Morphological, hemodynamic and clinical stages of cirrhosis have been proposed, although no definite staging system is yet accepted for clinical practice.
Dr D'Amico and colleagues from Italy investigated whether clinical complications of cirrhosis may define different prognostic disease stages.
Analysis of the database from a prospective inception cohort of 494 patients.
Decompensation was defined by ascites, bleeding, jaundice or encephalopathy.
Explored potential prognostic stages compensated cirrhosis without esophago-gastric varices, compensated cirrhosis with varices, bleeding without other complications, first nonbleeding decompensation, any second decompensating event.
Patient flow across stages was assessed by a competing risks analysis.
|5-year transition rate towards a different stage, for stages 4 was 78%|
|Alimentary Pharmacology & Therapeutics|
Major patient characteristics were 199 females, 295 males, 404 HCV+, 377 compensated, 117 decompensated cirrhosis.
The mean follow-up was 145 months without dropouts.
Major events 380 deaths, 326 esophago-gastric varices, 283 ascites, 158 bleeding, 146 encephalopathy, 113 jaundice, 126 hepatocellular carcinoma, and 19 liver transplantation.
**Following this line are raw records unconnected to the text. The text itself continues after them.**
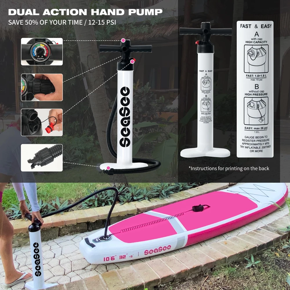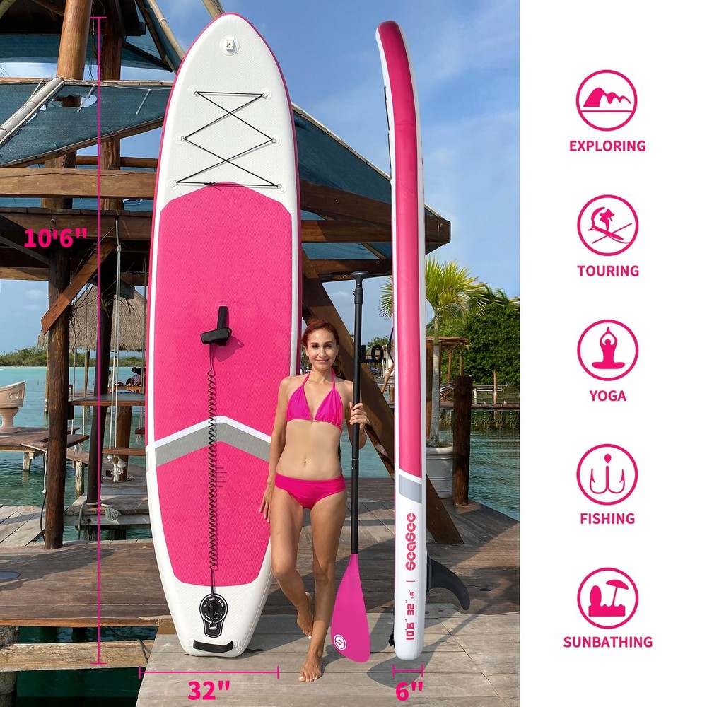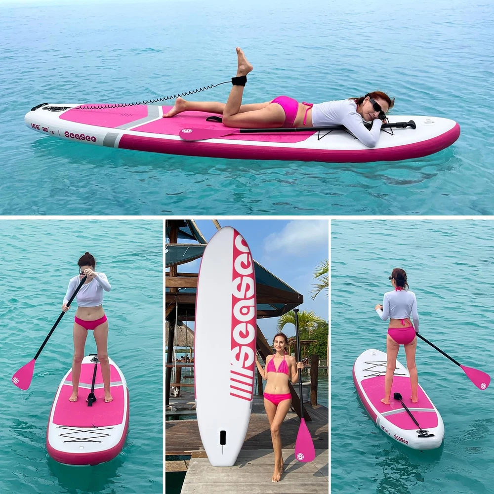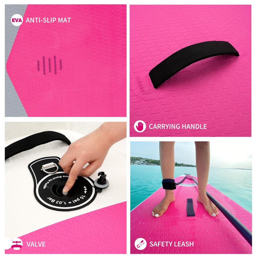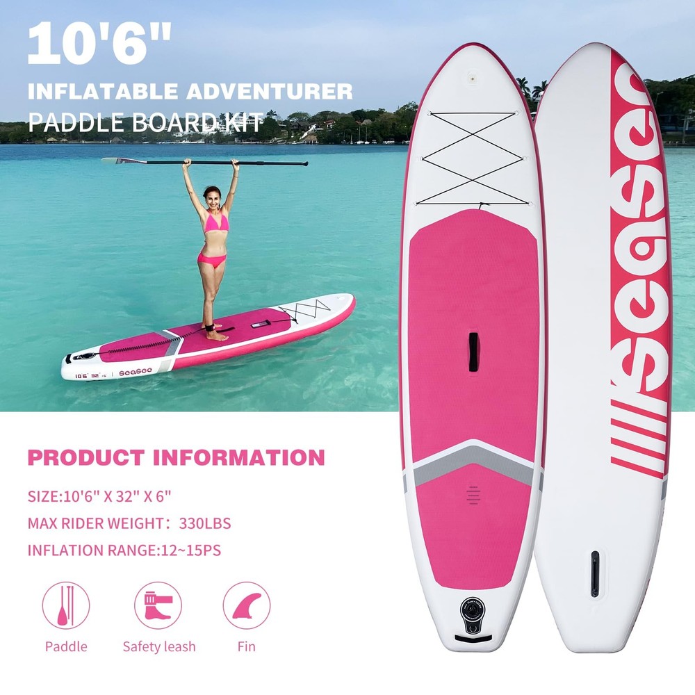 Premium Paddle Board, designed for ultimate stability and functionality. Our paddle board features a widening design that provides exceptional stability, making it perfect for individuals with heavier body weights. Whether you are into fishing, water yoga, brief water travel, or meditation, this paddle board is versatile enough to suit all your needs. We have incorporated thoughtful design elements into our paddle board, including a multitude of D-rings for securing your gear, a convenient camera holder for capturing your adventures, and a sturdy rear handle for easy transport. The inflatable nature of our paddle board ensures that it is easily foldable and doesn't take up much space in storage. Please ensure to rinse it thoroughly after use to maintain its longevity. Included with the paddle board are high-quality accessories such as a bidirectional pump for quick and easy inflation, a 3-section propeller for smooth gliding through water, and a double swivel foot rope for added safety. Perfect for adults looking for an inflatable paddle board that excels in stand up paddle activities, our Paddle Board is a top choice for water enthusiasts. Premium Material: The paddle board is made of high-density polyethylene material, which is sturdy, durable, and not easy to damage. The surface is wear-resistant and has a good anti-slip effect. Stable Structure: The stand up paddle board has a stable and wide design, with a maximum load capacity of 330lbs. The thickness of the board is 6in, which provides good buoyancy and stability. Easy to Carry: The paddle board is lightweight and foldable, with a carrying bag included, which is convenient for you to carry and store. The package size is 35.4. Exclusive Camera Mount: Want to share your life? Want to record your happy time with your friends on water? We specially add a Sport camera bracket mount on inflatable stand up paddle board, install your sport camera on the paddle board directly,start to record your fun time on water! SUP Accessories: Floating paddle , double action hand pump with psi gauge, 1 removable fin, safety leash, SUP manual, repair kit and a backpack. Just put all in your backpack and you've got everything you need to hit the water
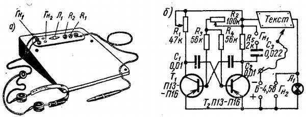 Работа прибора. Ученик приобретает навык письма путем обвода прописи металлическим пером. При правильном обведении текста, написанного на матрице, сигнальная цепь разорвана и ученик не слышит сигнала, а лампочка выключена. Если же рука сбивается — металлическое перо, соединенное с источником питания звукового генератора, включает сигнальную цепь. Ученик слышит в головных телефонах сигнал звуковой частоты, тональность и громкость которого можно изменять потенциометрами R1 и R2. Таким образом достигается контроль правильности обвода прописи.
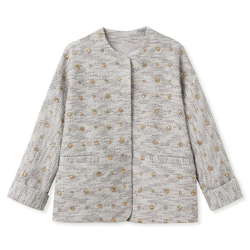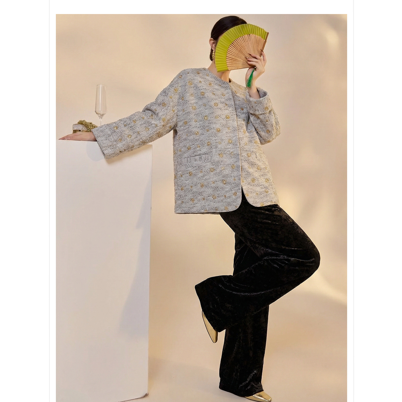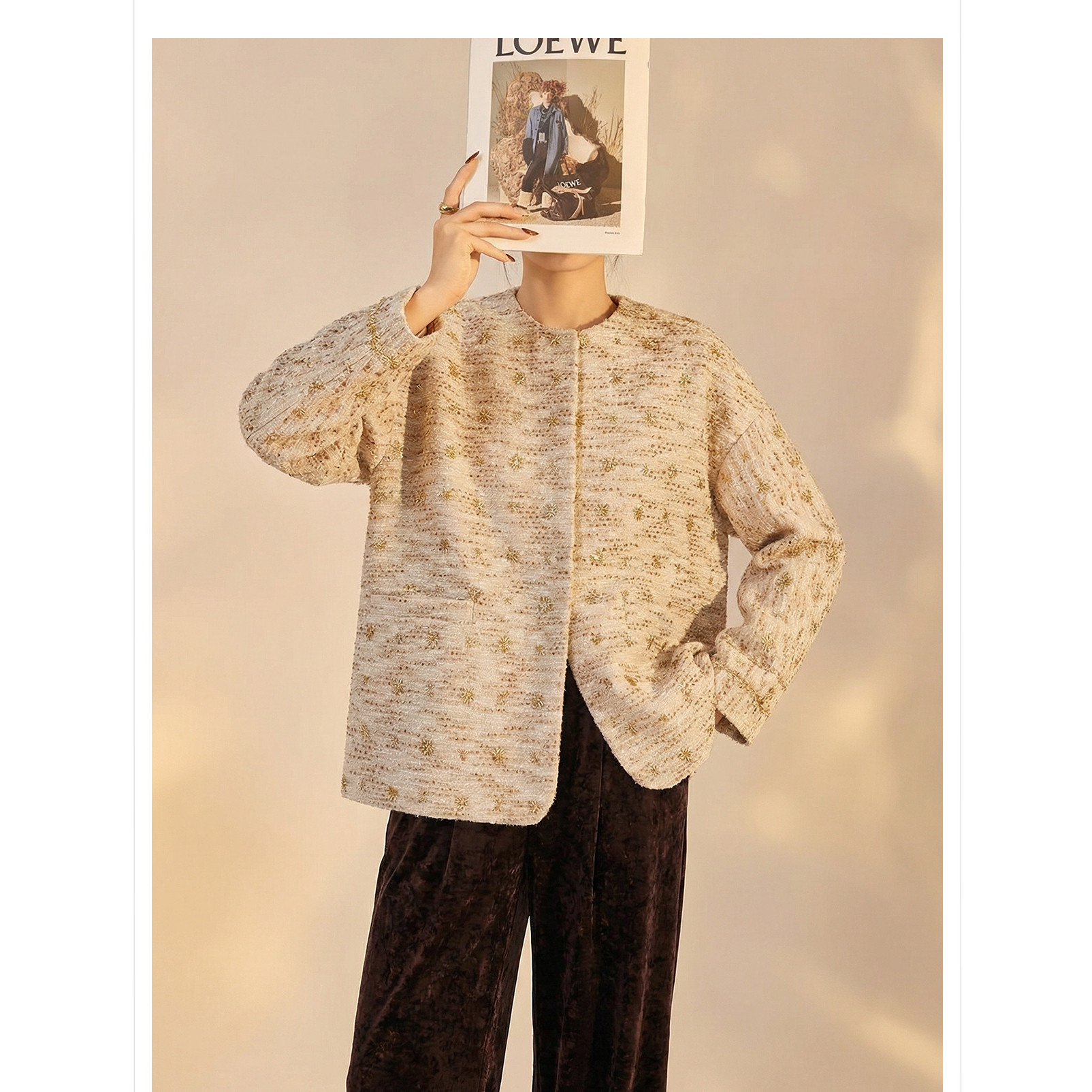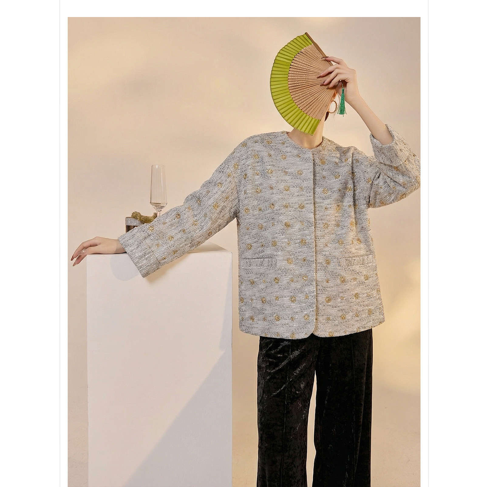 2026春装新款 轻奢新中式重工钉珠小香风长袖休闲毛呢外套
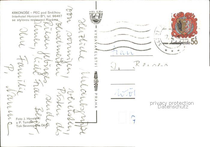 old postcard Krkonose Hotel Horizont postalisch gelaufen Erhaltung siehe scans
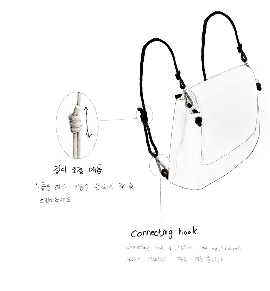 -가방 끈에 연결 된 connecting hook 을 사용 하여 cross bag / backpack 두가지 타입으로 착용 가능합니다.
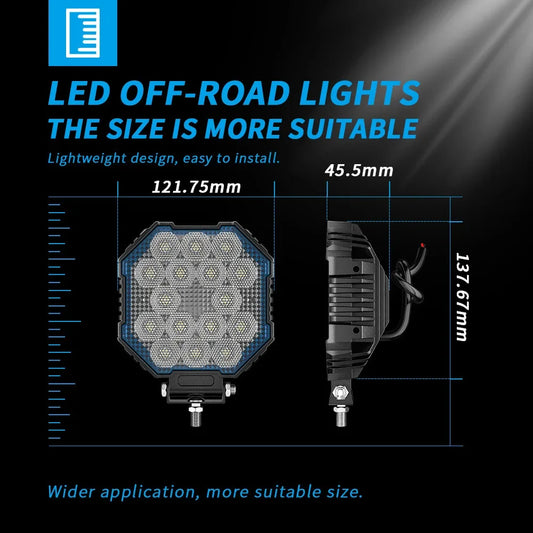 New 5x5 "square work light 45W 16LED floodlight auxiliary light Off-road vehicle modified spotlights
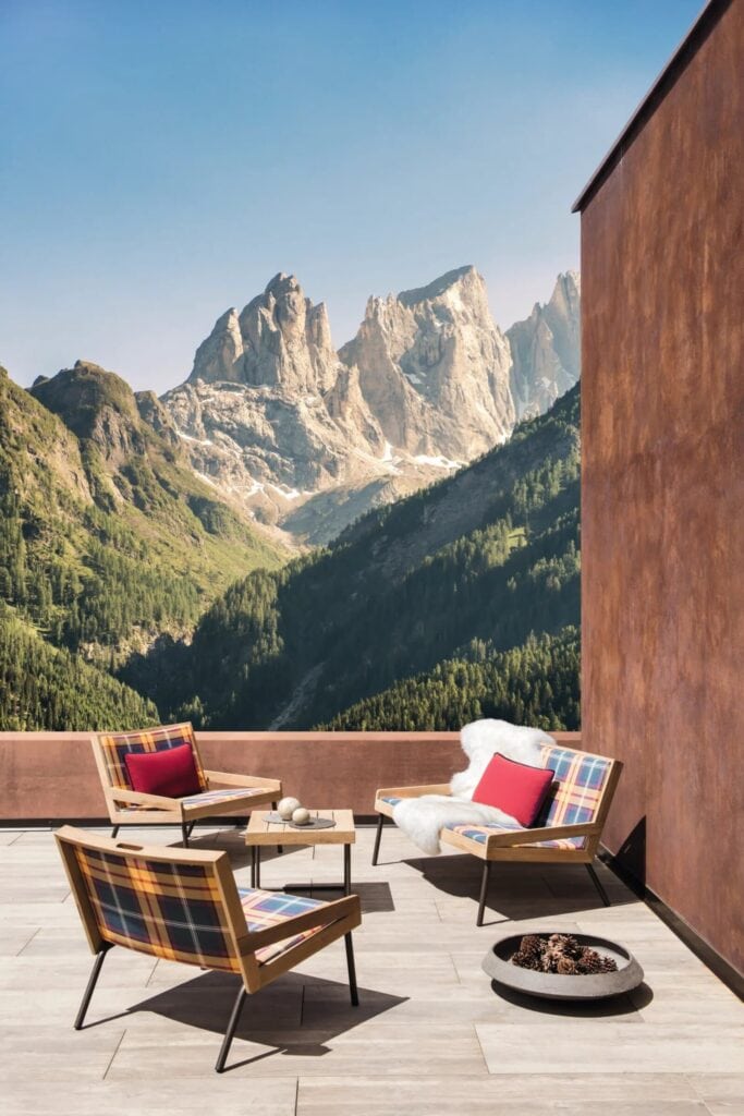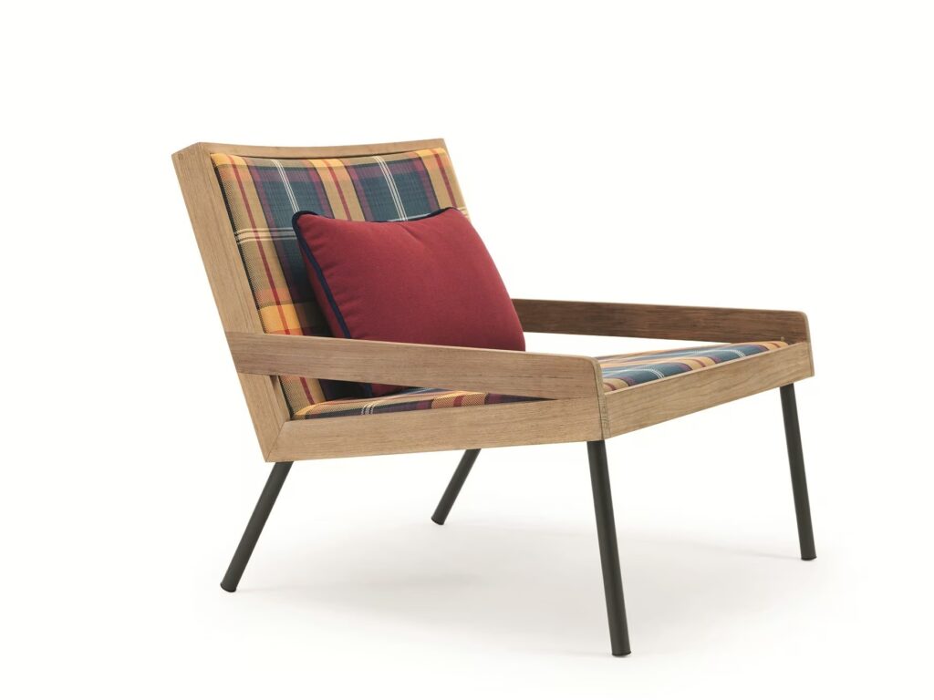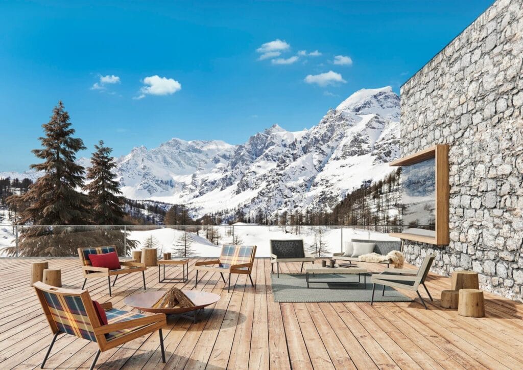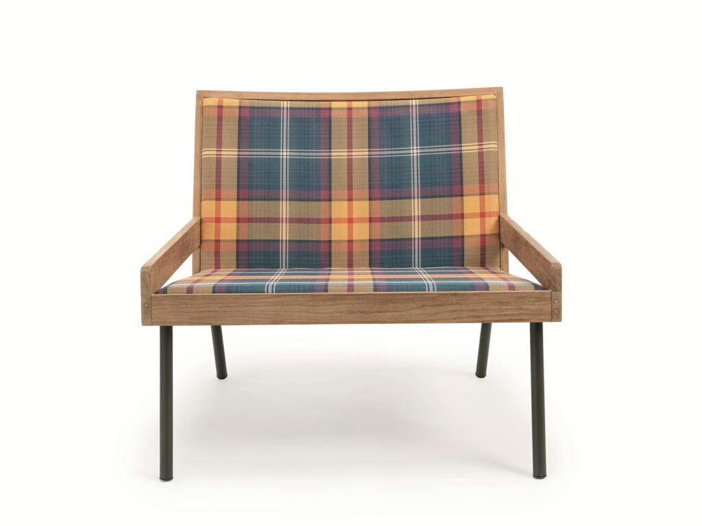 Die Kollektion Allaperto bietet massgeschneiderte Designelemente aus kaffeebraunem Metall, das mit natürlichem Teakholz und gepolstertem Ethitex-Stoff überzogen ist. Der speziell entworfene Tartan sorgt für maximalen Komfort und Langlebigkeit auch an den kältesten Orten.

The research team found that 5-year transition rate towards a different stage, for stages 1–4 was 34.5%, 42%, 65% and 78%, respectively.
The team observed that 5-year mortality for stages 1–5 was 1.5%, 10%, 20%, 30% and 88% respectively.
An exploratory analysis showed that this patient stratification may configure a prognostic system independent of the Child–Pugh score, Model for End Stage Liver Disease and comorbidity.
Dr D'Amico's team concludes, "The development of esophago-gastric varices and decompensating events in cirrhosis identify 5 prognostic stages with significantly increasing mortality risks."